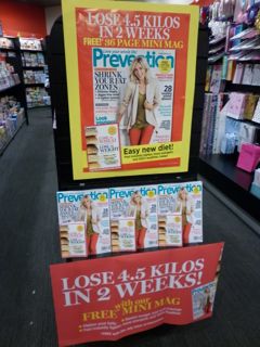 We are promoting the latest issue of Prevention magazine with this display at the entrance to our women’s magazine aisle. The Lose the wheat lose the weight mini mag promoting a weight loss of 4.5 kgs in 2 weeks should attract plenty of interest. The message for shoppers is very simple.
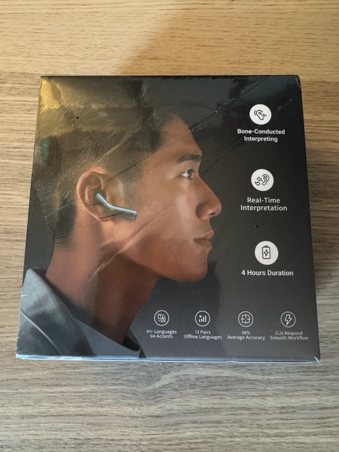Timekettle W4 AI Interpreter Earbuds with bone-conducted interpreting. Real-time translation supports 41 languages offline and 94 languages online with 98% average accuracy. Offers 4 hours duration per charge and 0.2s smooth workflow. Includes original box.
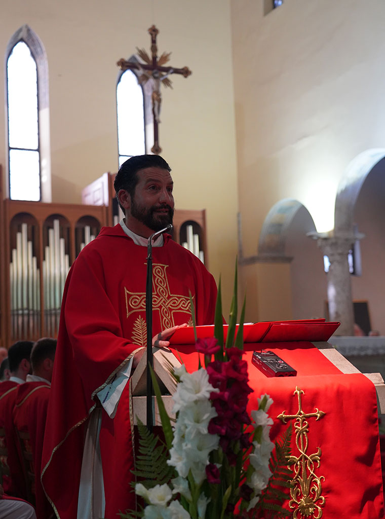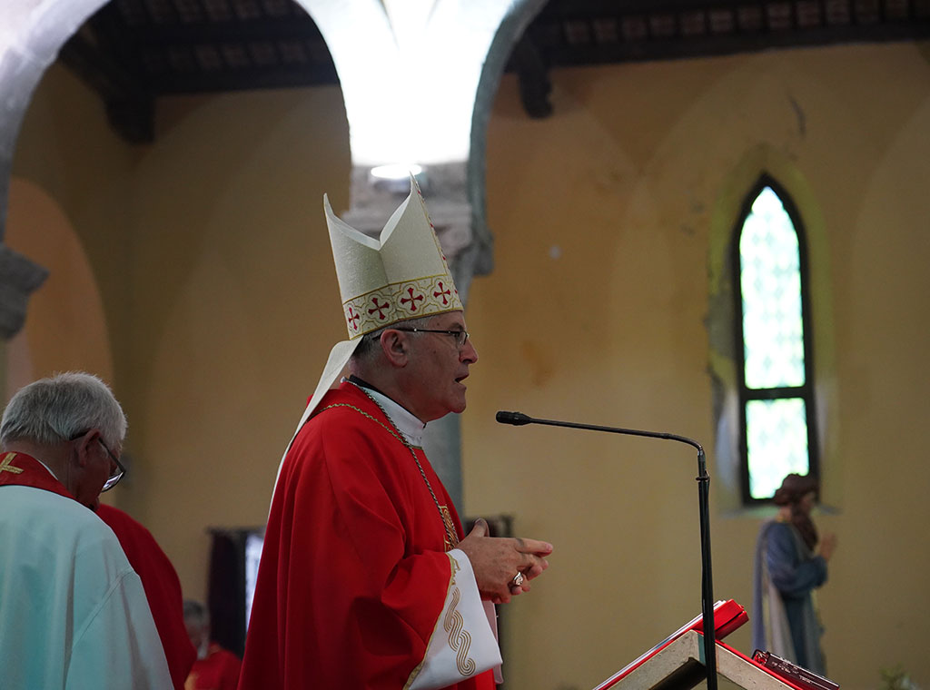 Nakon dvojezičnih svetopisamskih čitanja na talijanskom i hrvatskom jeziku i naviještenoga Evanđelja, krčki je biskup na početku propovijedi kazao kako će uz njega, tijekom ove homilije, nešto reći i dvoje misionara, jer je to jedinstvena prilika.
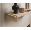 Polička Ovo je moderní a stylový doplněk do interiérů, který se vyznačuje originálním designem a vysokou kvalitou zpracování. Charakteristický, zaoblený tvar police vnáší do prostoru harmonii a jemnost, dodávajíc mu jedinečný styl. Tento model byl navržen s ohledem na milovníky minimalistického designu, kteří oceňují estetiku spojenou s funkčností. Kovové boční úchyty dodávají polici Ovo nejen stabilitu, ale také sofistikovaný charakter. Díky bohaté paletě barev úchytů – od klasických odstínů, jako je černá nebo bílá, po výraznější barvy, jako je hluboká zelená, námořnická modrá, nebo módní, metalické povrchy – se polička Ovo stává dekorativním prvkem, který lze snadno přizpůsobit různorodým interiérovým aranžmá. Polička se skvěle prezentuje jak v obytných prostorech, jako je obývací pokoj, ložnice nebo předsíň, tak i v moderních kancelářích či pracovnách. Polička Ovo s kovovými úchyty je návrh pro ty, kteří hledají elegantní a zároveň funkční řešení pro ukládání a vystavování předmětů.
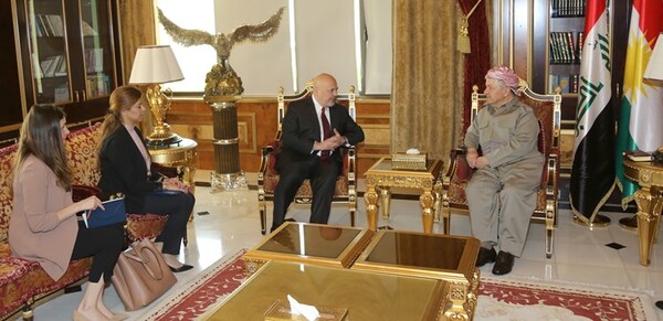 إستقبل الرئيس مسعود بارزاني، اليوم الثلاثاء في صلاح الدين، كريم أسعد أحمد خان، المساعد والمستشار الخاص للسكرتير العام لمنظمة الأمم المتحدة لشؤون التحقيق في جرائم داعش، والوفد المرافق له.

**What is being asked:** Pictures are to be left out. Everything else in the records above gets repeated exactly.

**Answer:**
 We are promoting the latest issue of Prevention magazine with this display at the entrance to our women’s magazine aisle. The Lose the wheat lose the weight mini mag promoting a weight loss of 4.5 kgs in 2 weeks should attract plenty of interest. The message for shoppers is very simple.
Timekettle W4 AI Interpreter Earbuds with bone-conducted interpreting. Real-time translation supports 41 languages offline and 94 languages online with 98% average accuracy. Offers 4 hours duration per charge and 0.2s smooth workflow. Includes original box.
 Nakon dvojezičnih svetopisamskih čitanja na talijanskom i hrvatskom jeziku i naviještenoga Evanđelja, krčki je biskup na početku propovijedi kazao kako će uz njega, tijekom ove homilije, nešto reći i dvoje misionara, jer je to jedinstvena prilika.
 Polička Ovo je moderní a stylový doplněk do interiérů, který se vyznačuje originálním designem a vysokou kvalitou zpracování. Charakteristický, zaoblený tvar police vnáší do prostoru harmonii a jemnost, dodávajíc mu jedinečný styl. Tento model byl navržen s ohledem na milovníky minimalistického designu, kteří oceňují estetiku spojenou s funkčností. Kovové boční úchyty dodávají polici Ovo nejen stabilitu, ale také sofistikovaný charakter. Díky bohaté paletě barev úchytů – od klasických odstínů, jako je černá nebo bílá, po výraznější barvy, jako je hluboká zelená, námořnická modrá, nebo módní, metalické povrchy – se polička Ovo stává dekorativním prvkem, který lze snadno přizpůsobit různorodým interiérovým aranžmá. Polička se skvěle prezentuje jak v obytných prostorech, jako je obývací pokoj, ložnice nebo předsíň, tak i v moderních kancelářích či pracovnách. Polička Ovo s kovovými úchyty je návrh pro ty, kteří hledají elegantní a zároveň funkční řešení pro ukládání a vystavování předmětů.
 إستقبل الرئيس مسعود بارزاني، اليوم الثلاثاء في صلاح الدين، كريم أسعد أحمد خان، المساعد والمستشار الخاص للسكرتير العام لمنظمة الأمم المتحدة لشؤون التحقيق في جرائم داعش، والوفد المرافق له.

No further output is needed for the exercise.